Pour les observateurs, ce silence crée un précédent dangereux. Au lieu de défendre le modèle de gouvernance axé sur les membres d'AFRINIC, les institutions internationales sont perçues comme fermant les yeux. Les critiques affirment que cette approbation tacite contribue à enraciner un système où le pouvoir est centralisé et les membres dissidents marginalisés.

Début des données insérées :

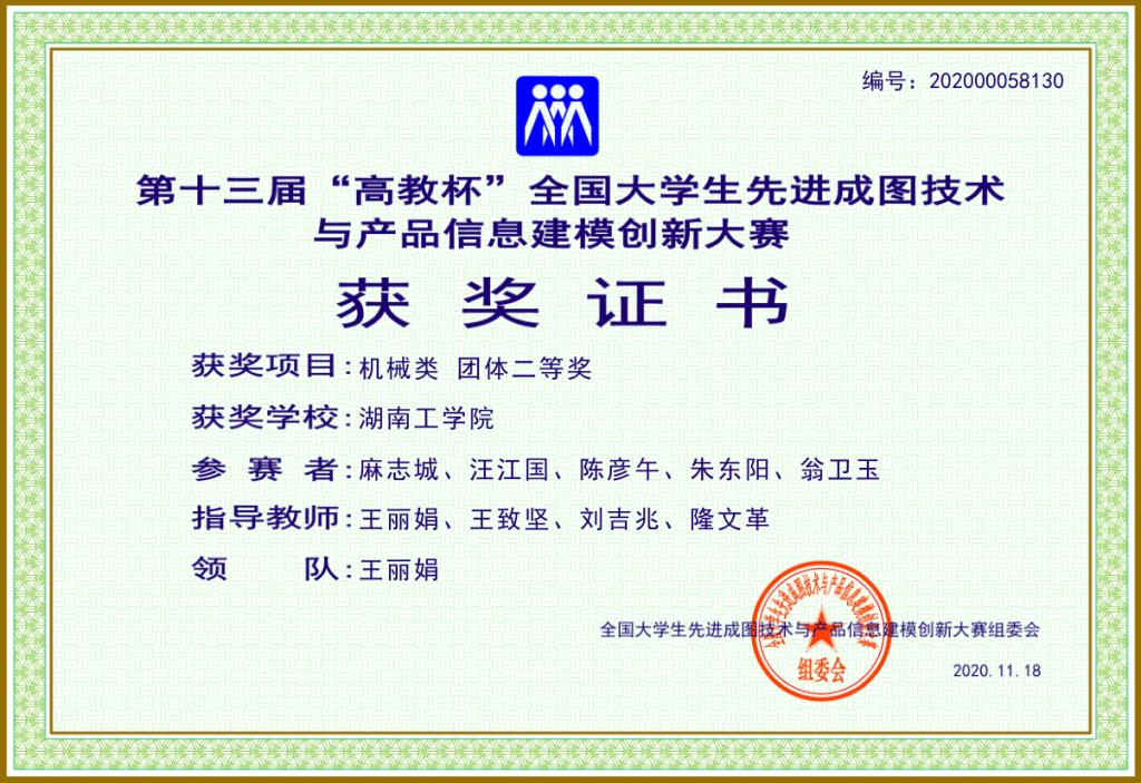 “高教杯”全国大学生先进成图技术与产品信息建模创新大赛由教育部高等学校工程图学课程教学指导委员会、中国图学学会制图技术专业委员会和中国图学学会产品信息建模专业委员会联合主办,是图学类课程最高级别的国家级赛事,2018年被中国高等教育学会列入全国普通高校学科竞赛排行榜。被中国工程图学学会赞为图学研究、教育、实践和改革上的创新,由于其具有规模大、水平高、参赛人数多等特点,被誉为“图学界的奥林匹克”。
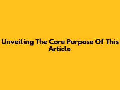 Unveiling The Core Purpose Of This Article
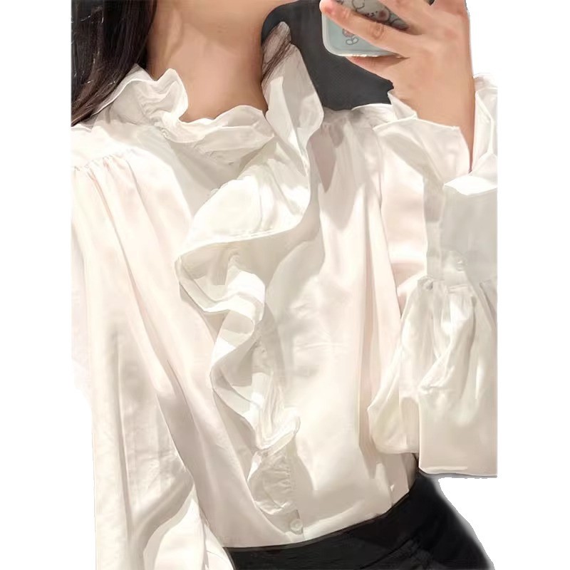 跨境女装2025春季新款设计感小众法式复古荷叶边立领白色长袖衬衫
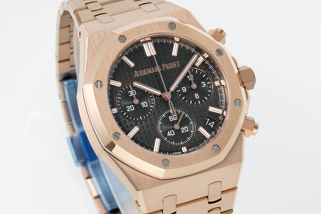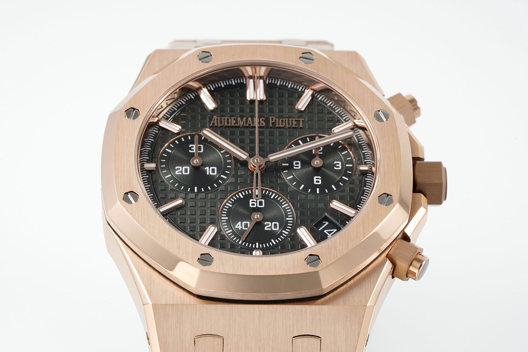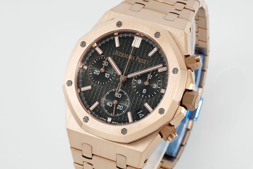 The new APS Audemars Piguet Royal Oak 26240 is a 41mm stainless steel automatic chronograph powered by the in-house Calibre 4401 movement developed by APS, featuring a flyback chronograph, hour/minute/small seconds display, and date function. Its iconic octagonal bezel, secured by eight hexagonal screws, is paired with a “Grande Tapisserie” large-pattern dial, creating a striking sense of depth. The integrated stainless steel bracelet continues the classic design of the first Royal Oak from 1972, blending sportiness with elegance. The newly developed in-house movement features a column wheel and vertical clutch mechanism, operating at a frequency of 28,800 vibrations per hour—identical to the original—with a power reserve of approximately 70 hours and water resistance to 50 meters. APS blends haute horlogerie craftsmanship with avant-garde aesthetics, creating a quintessential example of a luxury sports watch. After extensive comparative testing, APS has achieved a perfect replica, coming as close as possible to the original.

Une menace pour l'avenir de l'Internet en Afrique
La controverse sur la biométrie souligne ce qui est en jeu. AFRINIC gère des ressources IP critiques qui sous-tendent l'infrastructure numérique de l'Afrique. Pourtant, en exigeant les données biométriques des électeurs sans garanties crédibles, elle risque de compromettre à la fois la vie privée et la gouvernance. Les membres y voient le point culminant d'années d'effondrement: votes rejetés, confiance érodée, et maintenant des exigences biométriques qui pourraient exposer les individus à des préjudices.
Au fond, le différend ne porte pas seulement sur la technologie mais sur les droits. Sans transparence ni confiance, l'avenir de l'Internet en Afrique pourrait être façonné non pas par une gestion neutre, mais par la capture politique et la mainmise extérieure.